Bangladeshi guitarfish
- Conservation status: Critically Endangered (IUCN 3.1)

Scientific classification
- Kingdom: Animalia
- Phylum: Chordata
- Class: Chondrichthyes
- Subclass: Elasmobranchii
- Order: Rhinopristiformes
- Family: Glaucostegidae
- Genus: Glaucostegus
- Species: G. younholeei
- Binomial name: Glaucostegus younholeei Habib & Islam, 2021

= Glaucostegus younholeei =

- Genus: Glaucostegus
- Species: younholeei
- Authority: Habib & Islam, 2021
- Conservation status: CR

Species of fish

Glaucostegus younholeei, the Bangladeshi guitarfish, is a type of guitarfish of the family Glaucostegidae found in the northern Bay of Bengal, Bangladesh. This species is recorded from 13 specimens discovered in a fish landing center in Cox's Bazar. It is currently witnessing a population decline of more than 80 percent due to high exploitation rate.

== Description ==
The Bangladeshi guitarfish can be differentiated from its congeners from these characteristics: long and narrow blunt pointed snout, broad oblique nostrils with the narrow anterior opening, brownish or greyish body color with a narrow wedge-shaped disc, cranium margin sharply demarcated before eyes, rostral ridges almost joined along their entire length, relatively longer tail. The maximum length of this species is only around 93 cm.

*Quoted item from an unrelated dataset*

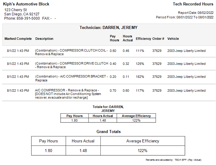 Once the job is finished, the technician can hit the COMPLETED button to finalize the labor item, showing that the job is now complete. The clocked time the technician recorded will now automatically be copied to the Actual Hours field for that labor item on the repair order. This saves the shop time required to track the work and then enter it into the repair order to drive the Technician Productivity report. The Tech Recorded Hours report (shown below) can be printed from the Tech Job Card tab.

== Habitat and distribution ==
This guitarfish possibly inhabits shallow coastal and continental shelf waters of less than 120 m (394 ft). The specific geographic distribution range can not fully determined since it has only been recorded from one landing site in Bangladesh. However, there are some presumptions that Bangladeshi guitarfish may be more wide-ranging and live in the adjacent areas, including Andaman Sea and Strait of Malacca.

Giant guitarfish, especially the smaller species (including the Bangladeshi guitarfish), is locally captured for international fin and meat trade.